EXERCISE PROMPT:
Give back all of the data exactly as it stands, with the pictures removed.

DATASET SECTION:

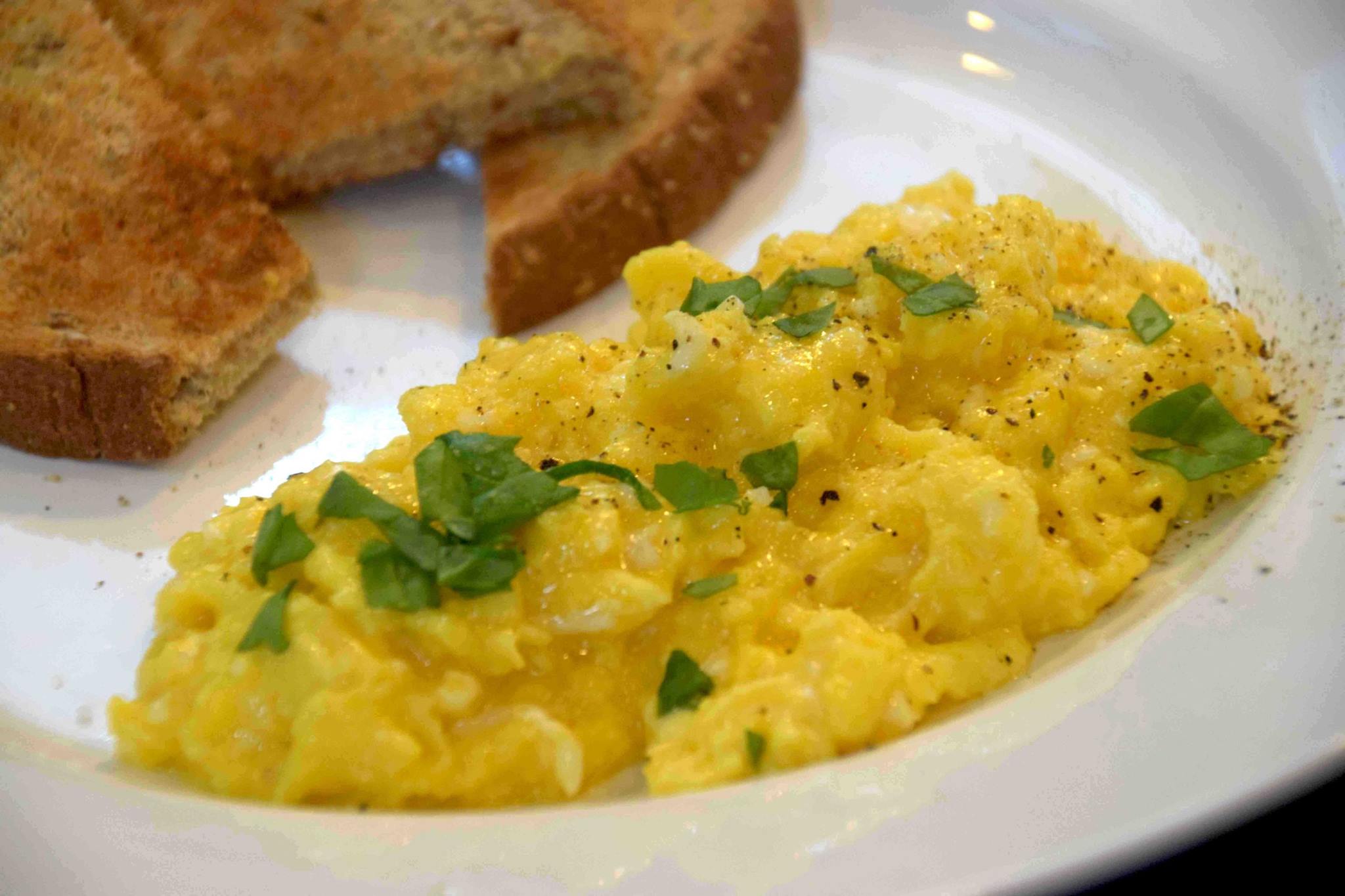 With 30 to 40 seconds of an intermittent slow fold, remove the eggs from the pan onto your warmed plates with toast off to the side. As I like my toast firm and crunchy, with a toasted texture upon the bite.
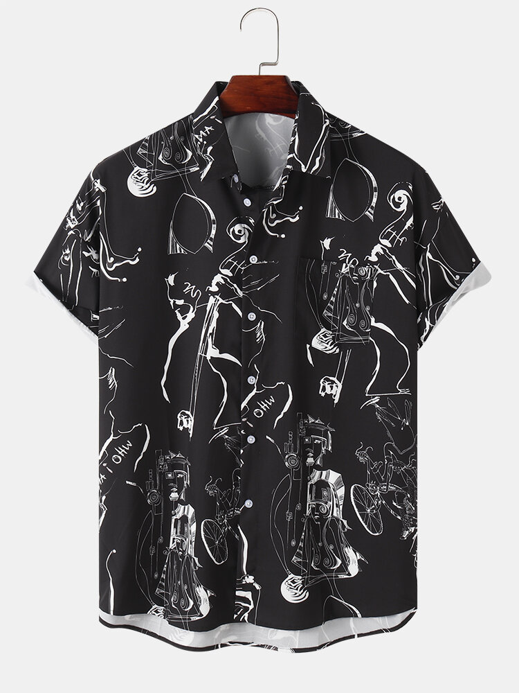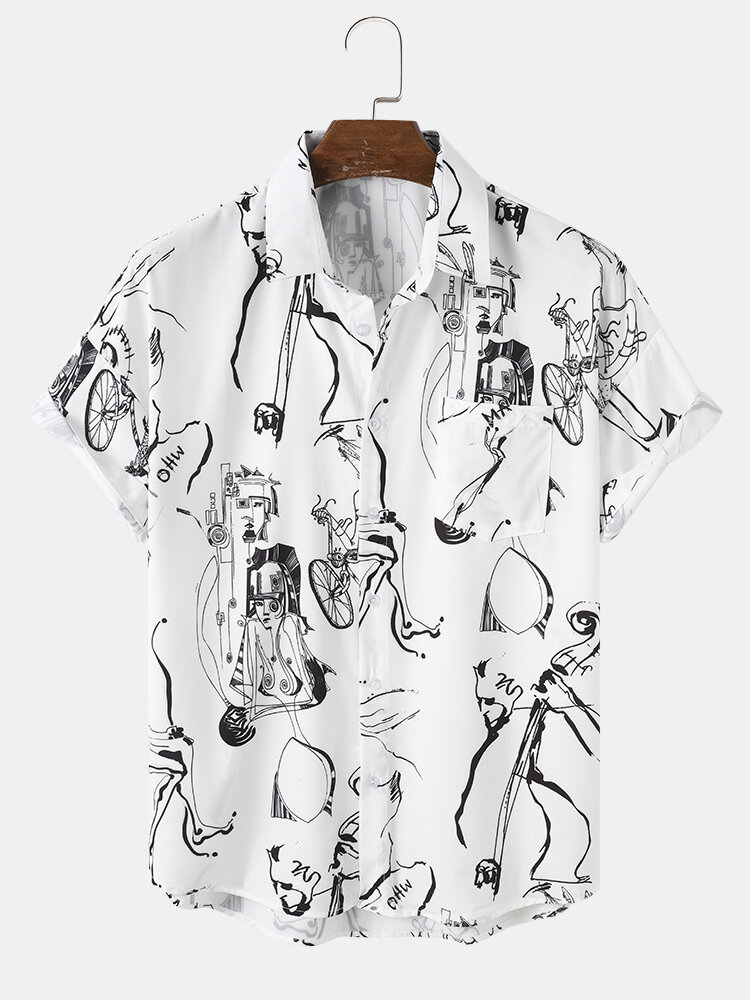 Mens Line Graffiti Print Lapel Short Sleeve Shirt – White XL
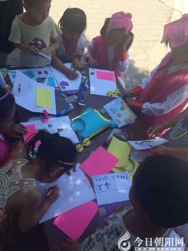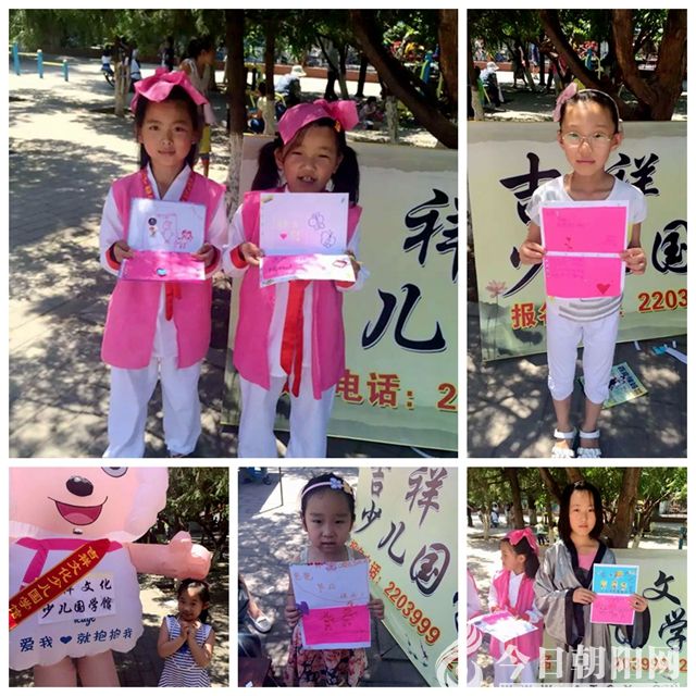 2015年6月21日,正值父親節(jié),遼寧朝陽吉祥文化少兒國學(xué)館在朝陽人民公園舉辦了一場“感恩父親節(jié)”大型活動。20多個孩子自己動手制作了賀卡等小禮物,然后獻(xiàn)給自己的父親。
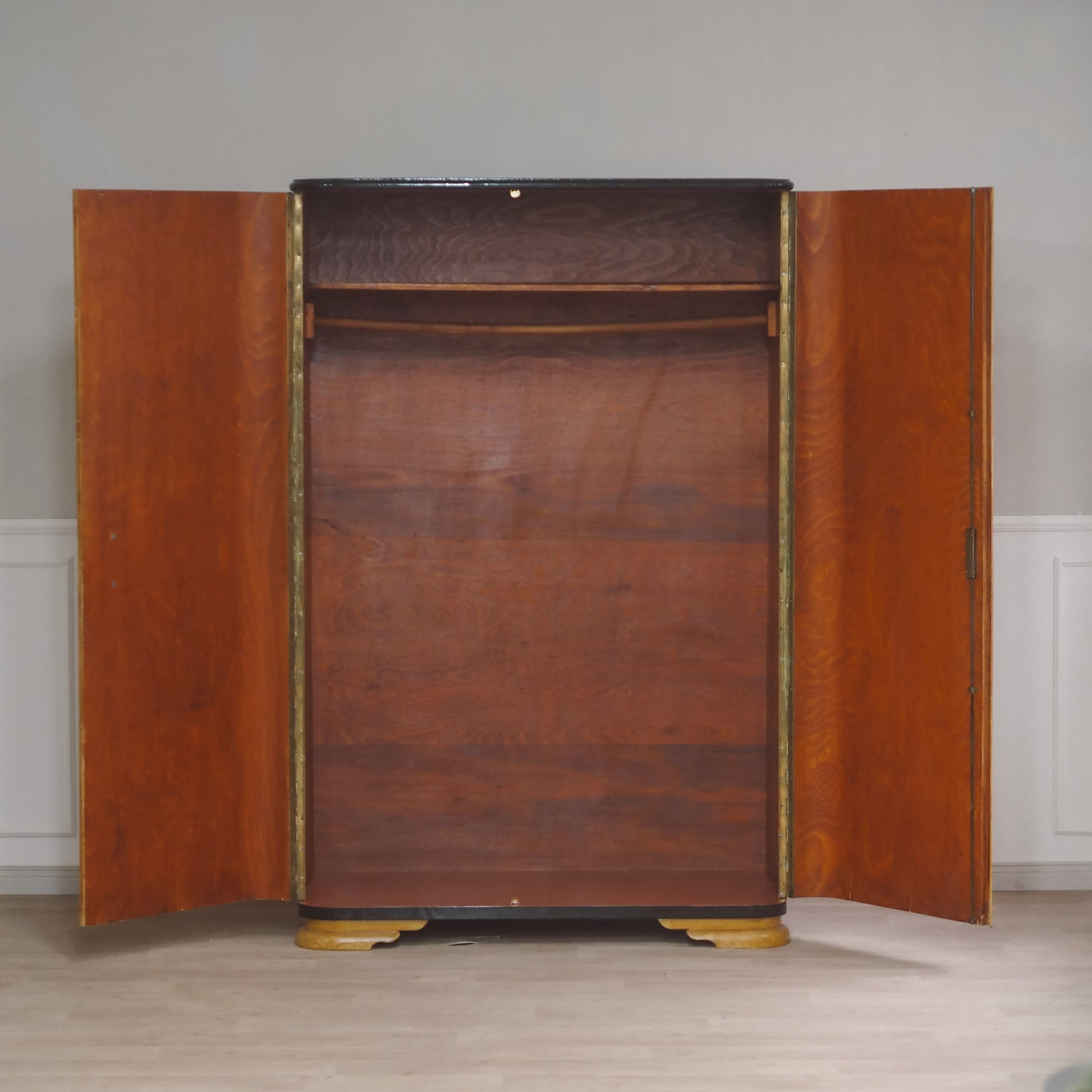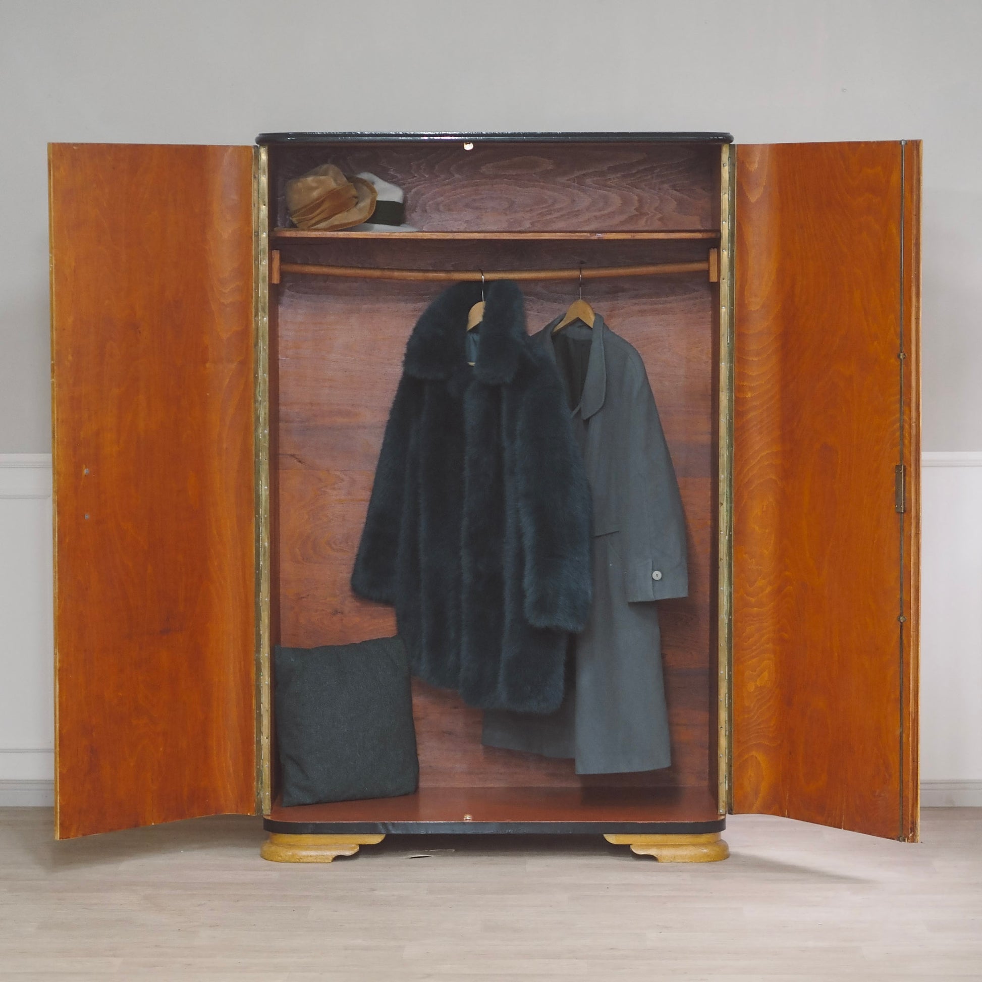 Der zweitürige Schrank besticht durch sein leicht glänzendes "Furnierbild" und die sanft geschwungene Formgebung - leicht gerundete Kanten und das minimalistische Design sowie die abgestuften Sockelfüße - spiegeln das zeittypische Design wider. Innen bietet er eine praktische Aufteilung mit Kleiderstange und Hutablage.

EXERCISE OUTPUT:
 With 30 to 40 seconds of an intermittent slow fold, remove the eggs from the pan onto your warmed plates with toast off to the side. As I like my toast firm and crunchy, with a toasted texture upon the bite.
 Mens Line Graffiti Print Lapel Short Sleeve Shirt – White XL
 2015年6月21日,正值父親節(jié),遼寧朝陽吉祥文化少兒國學(xué)館在朝陽人民公園舉辦了一場“感恩父親節(jié)”大型活動。20多個孩子自己動手制作了賀卡等小禮物,然后獻(xiàn)給自己的父親。
 Der zweitürige Schrank besticht durch sein leicht glänzendes "Furnierbild" und die sanft geschwungene Formgebung - leicht gerundete Kanten und das minimalistische Design sowie die abgestuften Sockelfüße - spiegeln das zeittypische Design wider. Innen bietet er eine praktische Aufteilung mit Kleiderstange und Hutablage.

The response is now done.